__Records excerpted from a collection__
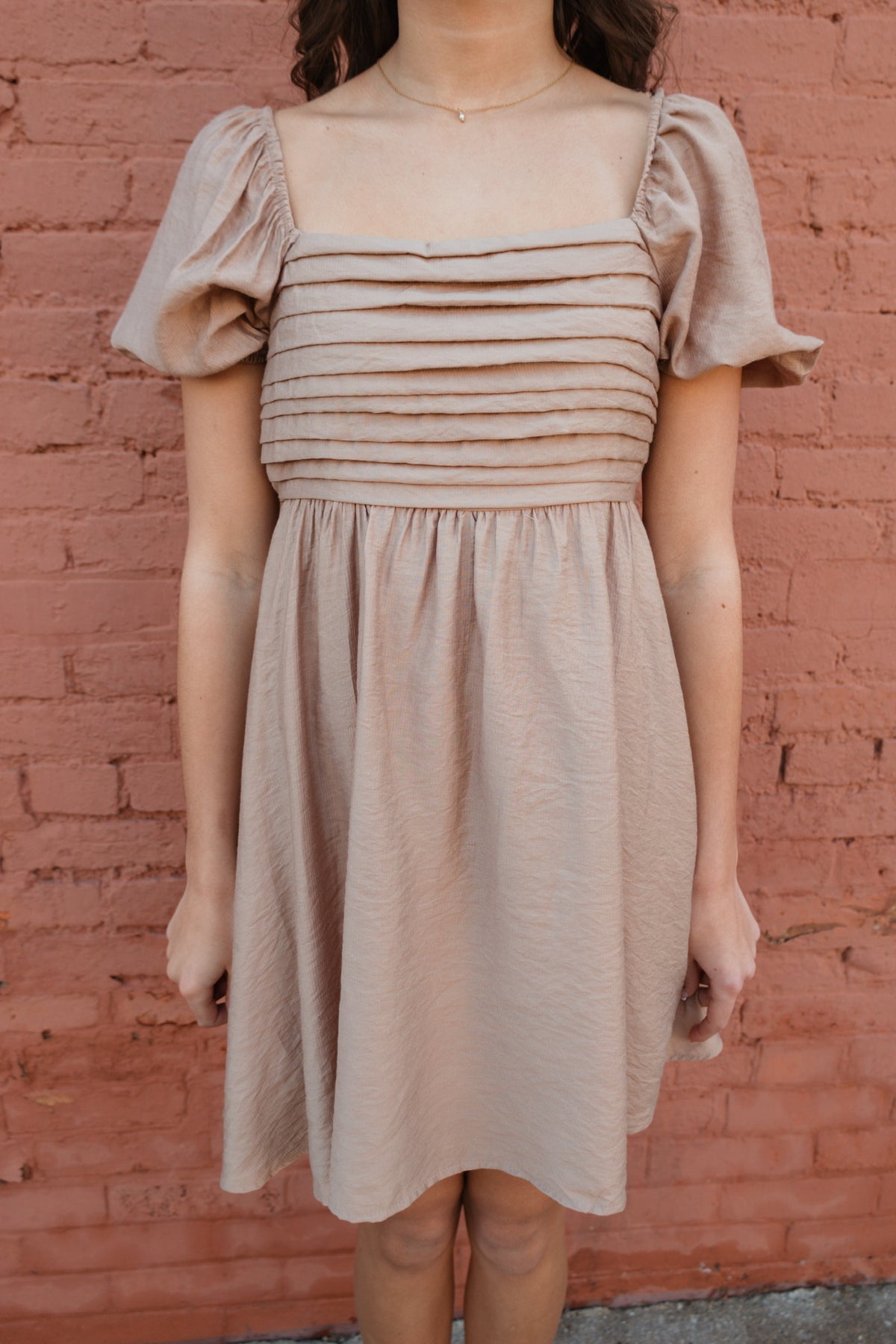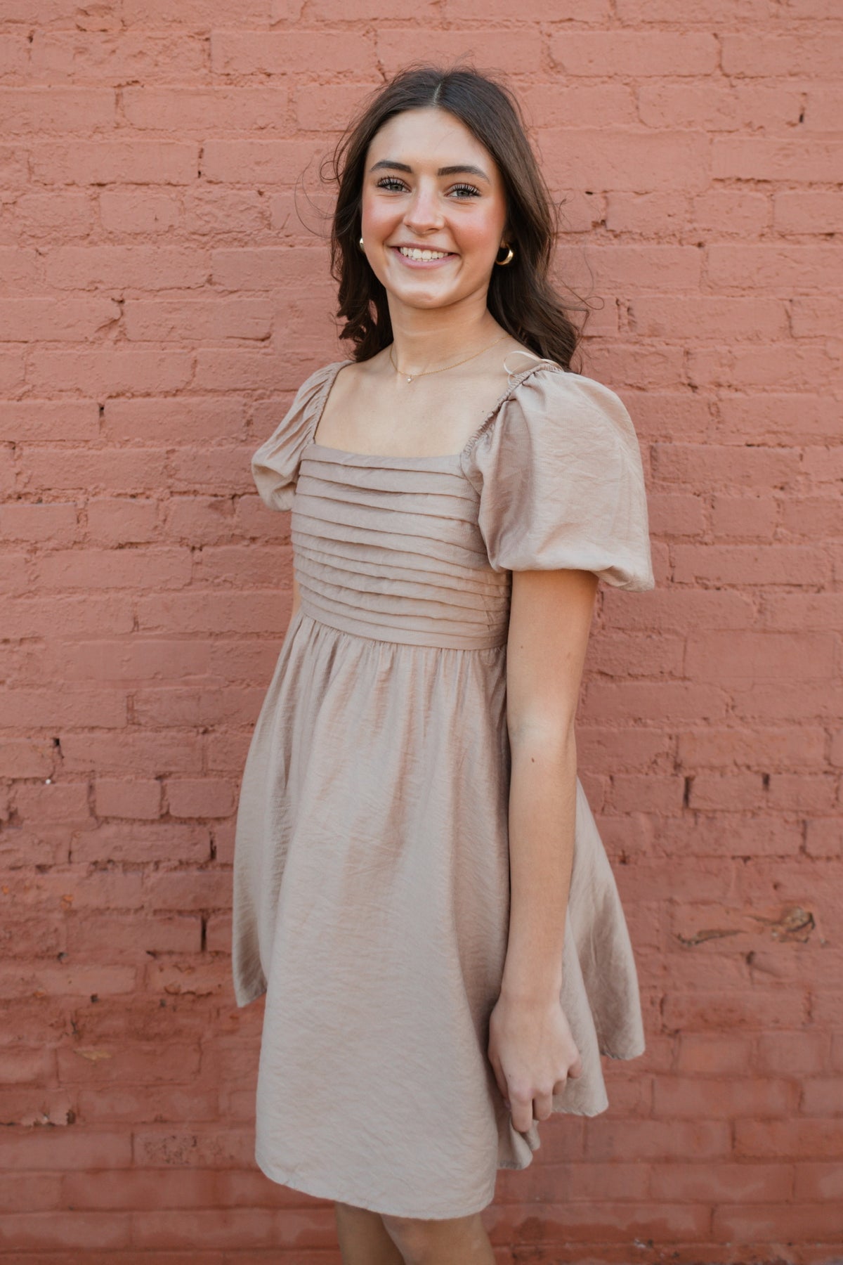 The Honey Harbor Mini is your go-to dress for effortless charm. This tan mini features a flattering pleated bodice that adds dimension and movement, paired with adorable short puff sleeves that frame the shoulders perfectly. The relaxed silhouette keeps things breezy and comfortable, making it ideal for casual outings, weekend brunches, or spontaneous adventures. Slip it on with your favorite sneakers or sandals for an instantly put-together look that feels anything but basic.
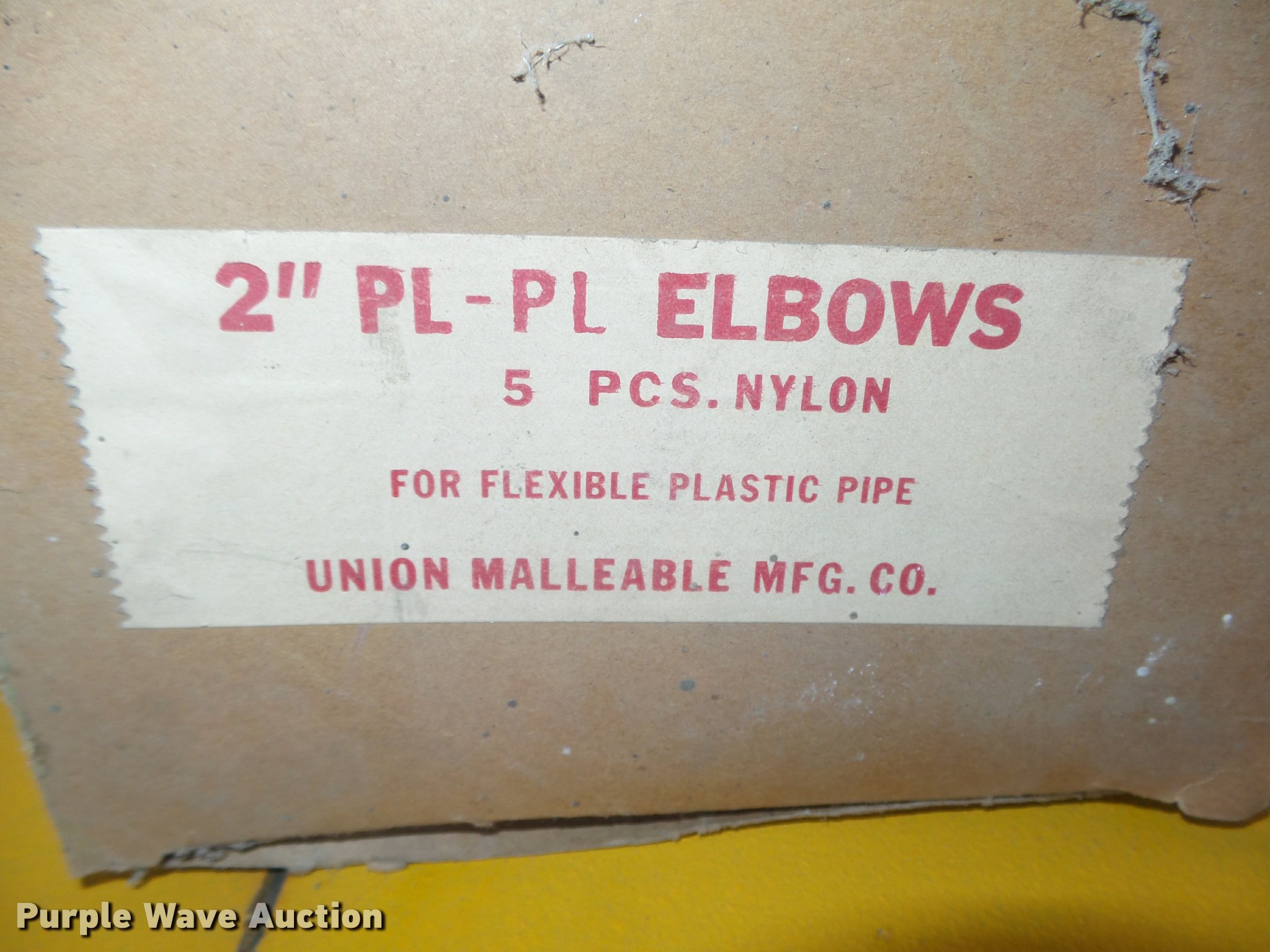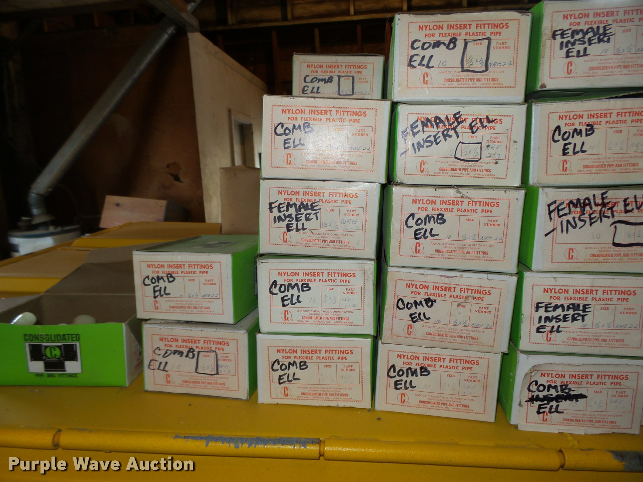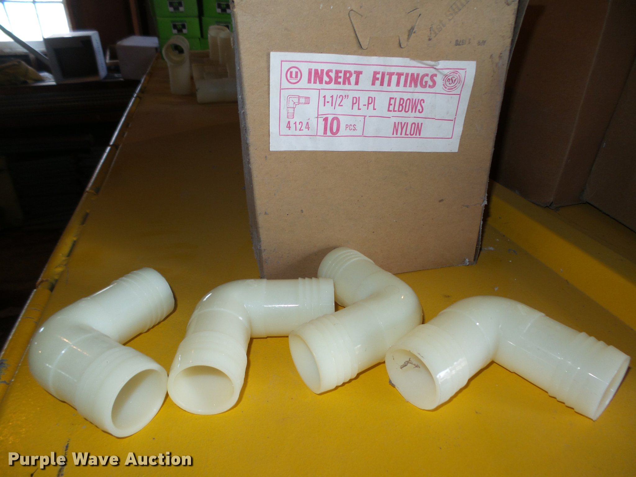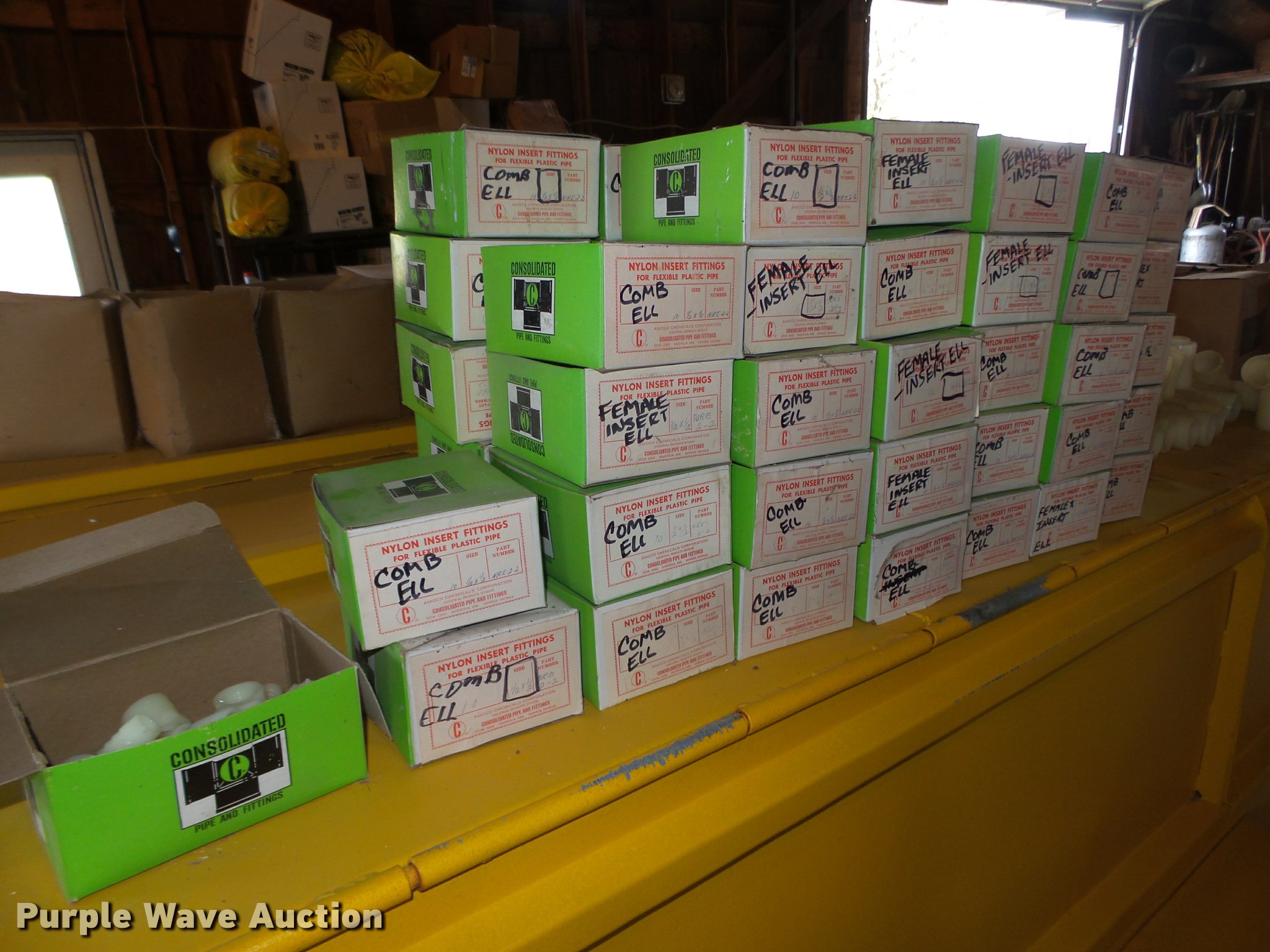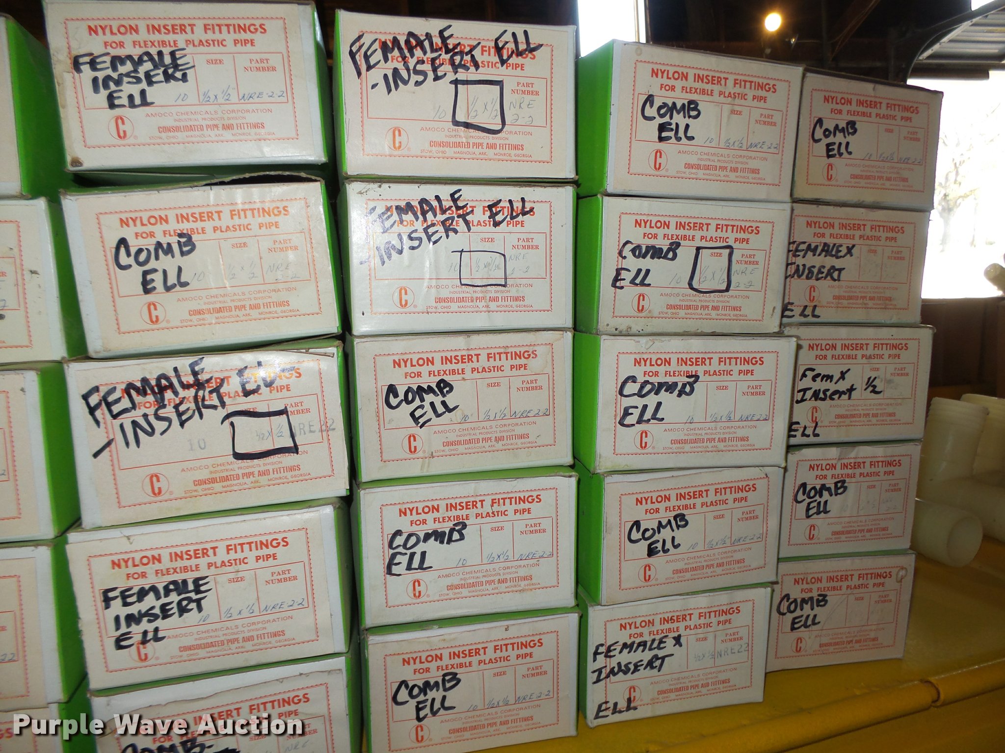 Purple Wave is selling a used Pipe in Nebraska. This item is a Approximately 800 nylon insert fittings with the following: (101) 2" 90 degree elbows, (100) 1.5" 90 degree elbows, (13) 2" ties, (620) 1/2" FIP x 1/2" insert nylon elbows, Trailer not included
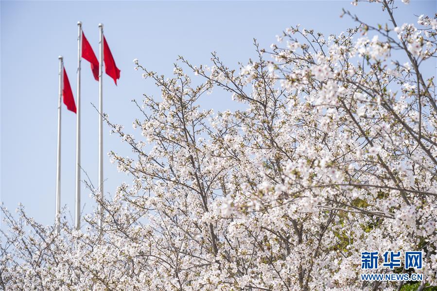 3月19日,在武汉市武昌区被网友称为“武汉最美停车场”的湖北日报停车场,一名工作人员在拍摄樱花。 进入3月中旬,武汉气温渐升,武汉市各处樱花次第开放。 新华社记者 才扬 摄
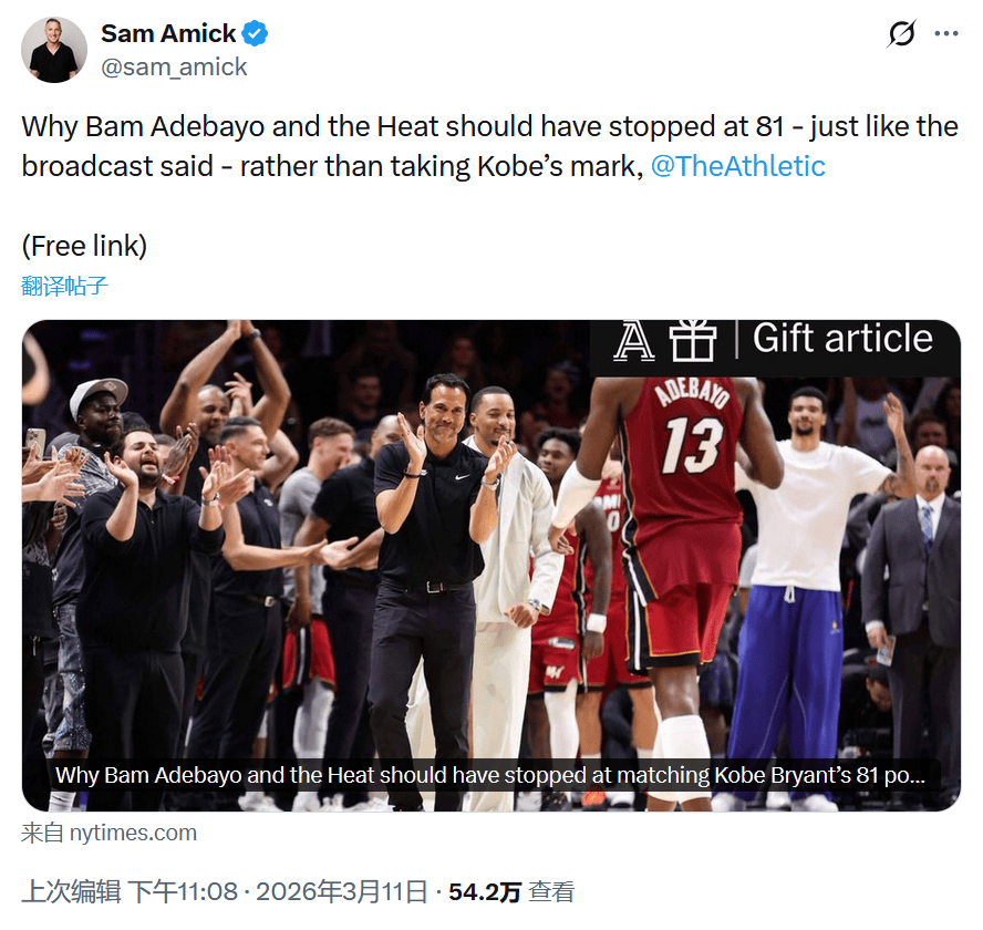 著名记者Sam Amick表示,出于对科比的尊重,热火应该换下阿德巴约,而不是看着他拿到83分。 Amick写道:"出于人性使然,科比的离世让每一个他最珍贵的成就都变得更加厚重,也让人们觉得应当以某种特别的方式来对待这些成就。而阿德巴约砍下高分后,我与一些科比的前同事联系过后得到的反馈,有这种想法的人不止我一个。当然,他无需为此道歉。恰恰相反,完成如此不可思议的壮举理应赢得四面八方的赞誉;毕竟83分就是83分。要是他能早些收手就好了。”
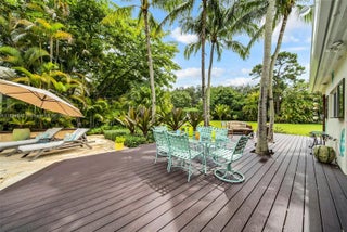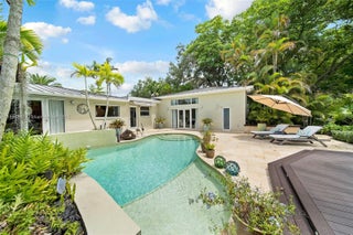 Discover your own private retreat in this tropical, resort-style property set on a builder's acre with lush, mature landscaping. The sunlit main house offers open-concept living, 4 bedrooms, and 3.5 baths, including a stylish primary suite tucked away in its own wing for ultimate privacy. Across the lagoon-style pool and expansive deck, a separate pool house provides flexible space for guests, an in-law suite, or a home office. Outdoor living shines with a covered terrace, outdoor shower, and generous backyard - perfect for soccer, gatherings, or enjoying fresh tropical fruit from your own trees. Additional features include massive storage, an EV charger, ample gated parking, and top-rated schools nearby. Tenant occupied until Nov 30, 2025.
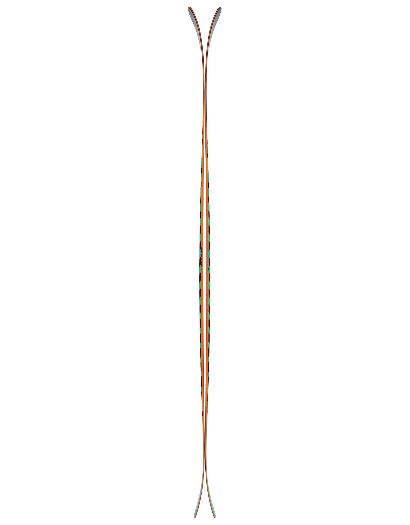 Le contrôle en virage est optimisé par le relevé progressif des spatules, qui facilite également le déjaugeage. Sous le pied, le cambre classique garantit puissance et accroche sur neige dure ou changeante. L’équilibre entre stabilité à haute vitesse et maniabilité est obtenu par une ligne de côte légèrement tendue associée à un rayon long de 19/20 m, permettant de tracer de belles lignes quelle que soit la cadence.
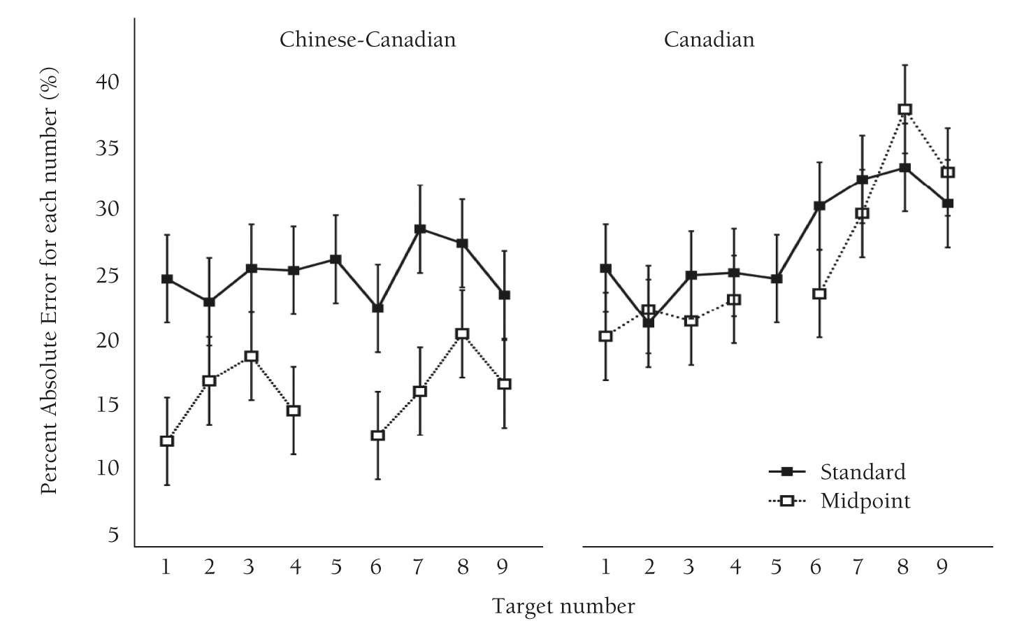 The main effect of target number was significant. Children were most accurate on number 1 (MPAE= 21%) and least accurate on number 8 (MPAE= 30%). The three-way interaction among group, condition, and target number was not statistically significant. As shown in figure 2, the Chinese-Canadian children showed less error on all of the numbers in the midpoint condition compared to the standard condition whereas the other Canadian children’s performance was very similar across conditions for all numbers. Figure 2 does provide some suggestion of why the Chinese-Canadian children performed better in the midpoint condition. They had less error near the endpoints and the midpoint, specifically less error at 1 and 6 than at 3 and 8 in the midpoint condition. This pattern is consistent with the possibility that these children were using the midpoint to refine their estimates.
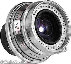 Home Donate New Search Gallery How-To Books Links Workshops About Contact LEICA 21mm f/4 Intro Specs Performance Compared Recommendations LEICA SUPER-ANGULON 21mm f/4, twice actual size (39mm filters, 8.8 oz./251g, about $1,000 used). Vergrößern. You can get them at this link to them at eBay (how to win at eBay), you also can get them from Adorama. It helps me keep reviewing these oldies when you get yours through these, links, thanks! Ken.

__REQUIREMENT__
Copy the lines above exactly and exclude every image.

__EXERCISE SOLUTION__
 The Honey Harbor Mini is your go-to dress for effortless charm. This tan mini features a flattering pleated bodice that adds dimension and movement, paired with adorable short puff sleeves that frame the shoulders perfectly. The relaxed silhouette keeps things breezy and comfortable, making it ideal for casual outings, weekend brunches, or spontaneous adventures. Slip it on with your favorite sneakers or sandals for an instantly put-together look that feels anything but basic.
 Purple Wave is selling a used Pipe in Nebraska. This item is a Approximately 800 nylon insert fittings with the following: (101) 2" 90 degree elbows, (100) 1.5" 90 degree elbows, (13) 2" ties, (620) 1/2" FIP x 1/2" insert nylon elbows, Trailer not included
 3月19日,在武汉市武昌区被网友称为“武汉最美停车场”的湖北日报停车场,一名工作人员在拍摄樱花。 进入3月中旬,武汉气温渐升,武汉市各处樱花次第开放。 新华社记者 才扬 摄
 著名记者Sam Amick表示,出于对科比的尊重,热火应该换下阿德巴约,而不是看着他拿到83分。 Amick写道:"出于人性使然,科比的离世让每一个他最珍贵的成就都变得更加厚重,也让人们觉得应当以某种特别的方式来对待这些成就。而阿德巴约砍下高分后,我与一些科比的前同事联系过后得到的反馈,有这种想法的人不止我一个。当然,他无需为此道歉。恰恰相反,完成如此不可思议的壮举理应赢得四面八方的赞誉;毕竟83分就是83分。要是他能早些收手就好了。”
 Discover your own private retreat in this tropical, resort-style property set on a builder's acre with lush, mature landscaping. The sunlit main house offers open-concept living, 4 bedrooms, and 3.5 baths, including a stylish primary suite tucked away in its own wing for ultimate privacy. Across the lagoon-style pool and expansive deck, a separate pool house provides flexible space for guests, an in-law suite, or a home office. Outdoor living shines with a covered terrace, outdoor shower, and generous backyard - perfect for soccer, gatherings, or enjoying fresh tropical fruit from your own trees. Additional features include massive storage, an EV charger, ample gated parking, and top-rated schools nearby. Tenant occupied until Nov 30, 2025.
 Le contrôle en virage est optimisé par le relevé progressif des spatules, qui facilite également le déjaugeage. Sous le pied, le cambre classique garantit puissance et accroche sur neige dure ou changeante. L’équilibre entre stabilité à haute vitesse et maniabilité est obtenu par une ligne de côte légèrement tendue associée à un rayon long de 19/20 m, permettant de tracer de belles lignes quelle que soit la cadence.
 The main effect of target number was significant. Children were most accurate on number 1 (MPAE= 21%) and least accurate on number 8 (MPAE= 30%). The three-way interaction among group, condition, and target number was not statistically significant. As shown in figure 2, the Chinese-Canadian children showed less error on all of the numbers in the midpoint condition compared to the standard condition whereas the other Canadian children’s performance was very similar across conditions for all numbers. Figure 2 does provide some suggestion of why the Chinese-Canadian children performed better in the midpoint condition. They had less error near the endpoints and the midpoint, specifically less error at 1 and 6 than at 3 and 8 in the midpoint condition. This pattern is consistent with the possibility that these children were using the midpoint to refine their estimates.
 Home Donate New Search Gallery How-To Books Links Workshops About Contact LEICA 21mm f/4 Intro Specs Performance Compared Recommendations LEICA SUPER-ANGULON 21mm f/4, twice actual size (39mm filters, 8.8 oz./251g, about $1,000 used). Vergrößern. You can get them at this link to them at eBay (how to win at eBay), you also can get them from Adorama. It helps me keep reviewing these oldies when you get yours through these, links, thanks! Ken.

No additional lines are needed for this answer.